# [INPUT MATERIAL]
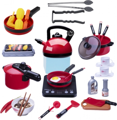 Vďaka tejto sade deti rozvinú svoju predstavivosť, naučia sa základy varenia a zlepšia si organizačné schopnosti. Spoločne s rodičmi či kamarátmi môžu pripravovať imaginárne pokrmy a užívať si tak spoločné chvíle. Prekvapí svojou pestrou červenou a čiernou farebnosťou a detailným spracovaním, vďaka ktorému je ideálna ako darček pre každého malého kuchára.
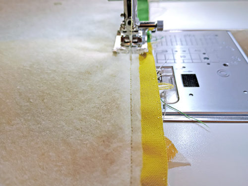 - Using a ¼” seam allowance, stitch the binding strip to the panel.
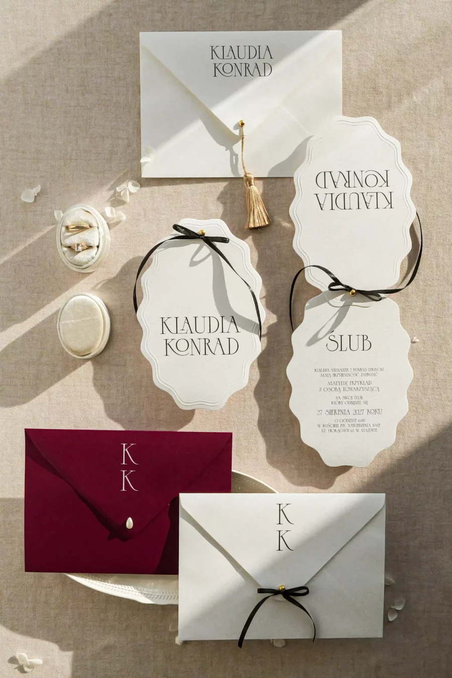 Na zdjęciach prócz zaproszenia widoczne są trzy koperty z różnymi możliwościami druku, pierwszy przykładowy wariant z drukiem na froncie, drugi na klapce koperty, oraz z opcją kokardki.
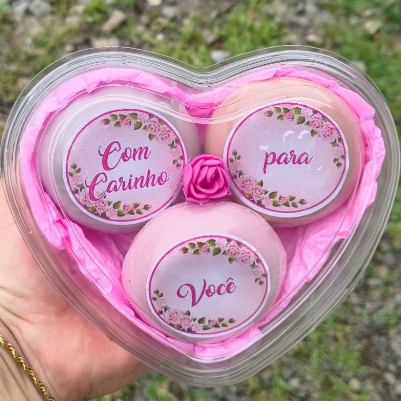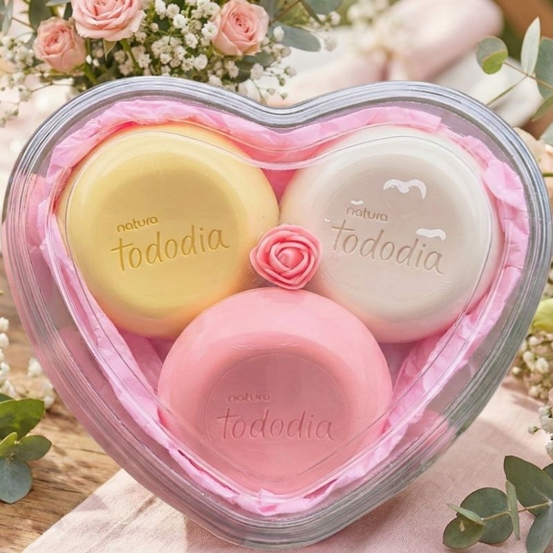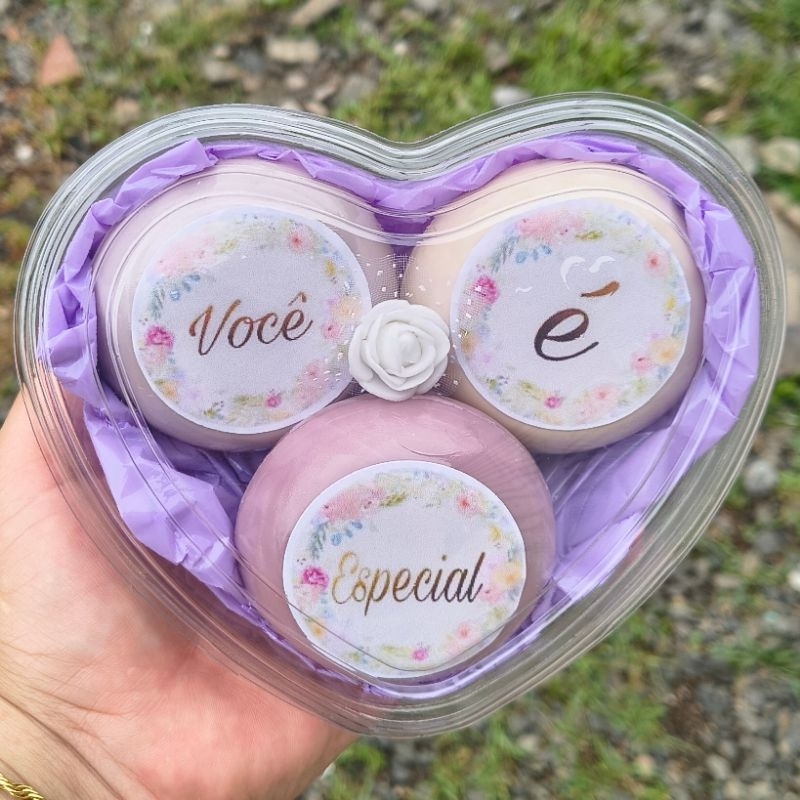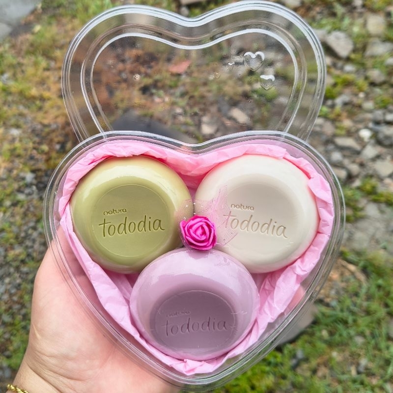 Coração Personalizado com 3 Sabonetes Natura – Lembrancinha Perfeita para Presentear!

---

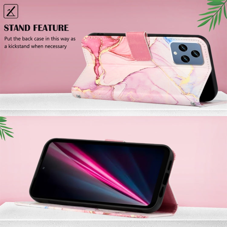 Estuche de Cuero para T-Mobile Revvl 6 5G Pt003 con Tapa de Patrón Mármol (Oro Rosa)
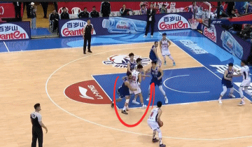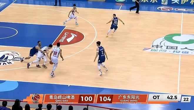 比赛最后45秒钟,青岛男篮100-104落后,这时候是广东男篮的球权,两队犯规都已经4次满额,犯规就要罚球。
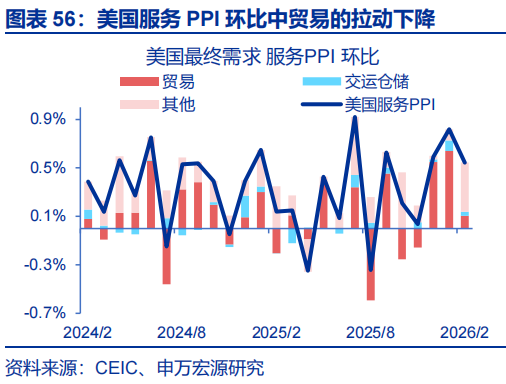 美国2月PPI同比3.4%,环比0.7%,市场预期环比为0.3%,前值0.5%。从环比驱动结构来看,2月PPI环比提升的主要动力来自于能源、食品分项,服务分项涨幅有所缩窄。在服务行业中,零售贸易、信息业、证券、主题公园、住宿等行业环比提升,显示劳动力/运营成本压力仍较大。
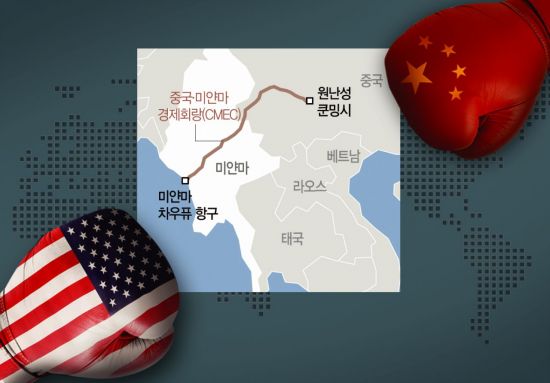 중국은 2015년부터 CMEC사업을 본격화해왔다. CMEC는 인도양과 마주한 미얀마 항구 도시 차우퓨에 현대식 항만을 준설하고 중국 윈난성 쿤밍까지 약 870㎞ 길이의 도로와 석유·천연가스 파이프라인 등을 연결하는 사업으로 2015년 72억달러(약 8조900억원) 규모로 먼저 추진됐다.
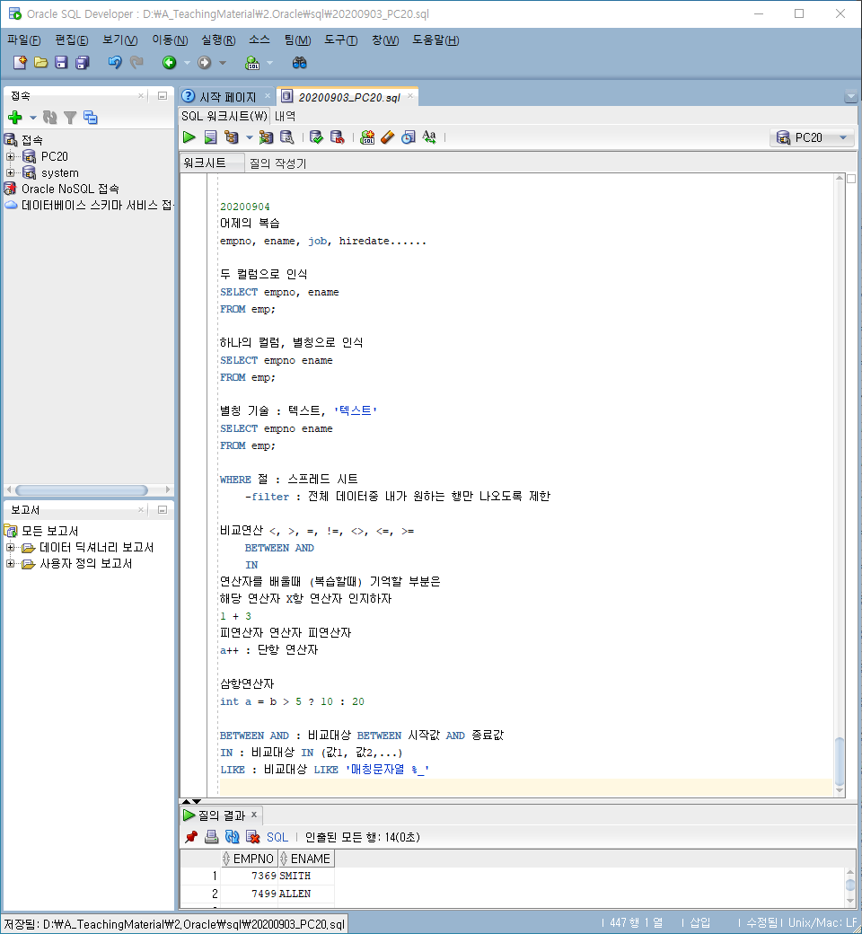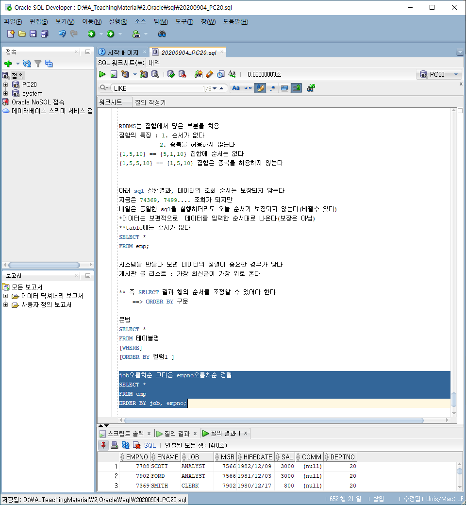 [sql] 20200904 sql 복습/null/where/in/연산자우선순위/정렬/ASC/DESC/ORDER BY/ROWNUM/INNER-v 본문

* * *

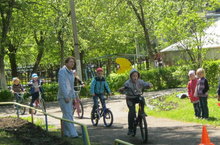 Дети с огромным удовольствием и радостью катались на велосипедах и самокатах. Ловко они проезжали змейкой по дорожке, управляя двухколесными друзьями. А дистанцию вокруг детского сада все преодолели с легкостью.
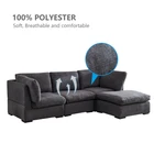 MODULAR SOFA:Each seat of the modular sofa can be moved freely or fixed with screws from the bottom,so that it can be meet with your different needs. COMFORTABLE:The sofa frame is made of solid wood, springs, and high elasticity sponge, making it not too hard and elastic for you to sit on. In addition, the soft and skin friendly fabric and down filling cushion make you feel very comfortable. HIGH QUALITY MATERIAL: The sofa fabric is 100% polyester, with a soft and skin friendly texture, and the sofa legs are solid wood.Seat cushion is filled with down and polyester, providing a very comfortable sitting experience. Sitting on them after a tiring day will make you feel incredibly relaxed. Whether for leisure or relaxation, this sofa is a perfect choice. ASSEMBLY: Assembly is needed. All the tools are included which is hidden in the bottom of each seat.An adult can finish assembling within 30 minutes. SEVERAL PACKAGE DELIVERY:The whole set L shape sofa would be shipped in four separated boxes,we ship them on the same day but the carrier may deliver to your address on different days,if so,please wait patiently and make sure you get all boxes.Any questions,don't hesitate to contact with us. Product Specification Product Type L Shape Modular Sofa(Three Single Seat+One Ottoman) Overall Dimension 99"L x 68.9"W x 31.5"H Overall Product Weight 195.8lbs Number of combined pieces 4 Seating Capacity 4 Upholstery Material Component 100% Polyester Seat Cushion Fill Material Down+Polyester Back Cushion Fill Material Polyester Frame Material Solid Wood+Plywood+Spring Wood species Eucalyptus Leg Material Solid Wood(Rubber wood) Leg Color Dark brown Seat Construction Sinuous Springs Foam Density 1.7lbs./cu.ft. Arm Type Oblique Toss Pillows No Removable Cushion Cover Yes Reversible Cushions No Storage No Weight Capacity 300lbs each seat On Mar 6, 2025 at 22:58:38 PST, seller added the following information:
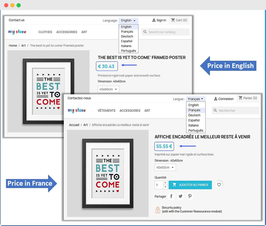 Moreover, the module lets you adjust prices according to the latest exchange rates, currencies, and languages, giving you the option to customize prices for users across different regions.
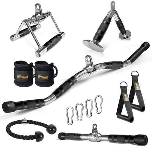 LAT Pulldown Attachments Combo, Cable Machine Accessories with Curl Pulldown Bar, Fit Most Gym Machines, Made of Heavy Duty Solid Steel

# [PROBLEM STATEMENT]
Transcribe, word for word, the lines of the listing above from the one that contains "Moreover, the module" through the one that contains "LAT Pulldown Attachments", keeping both ends and dropping the pictures.

# [RESULT OF THE TASK]
 Moreover, the module lets you adjust prices according to the latest exchange rates, currencies, and languages, giving you the option to customize prices for users across different regions.
 LAT Pulldown Attachments Combo, Cable Machine Accessories with Curl Pulldown Bar, Fit Most Gym Machines, Made of Heavy Duty Solid Steel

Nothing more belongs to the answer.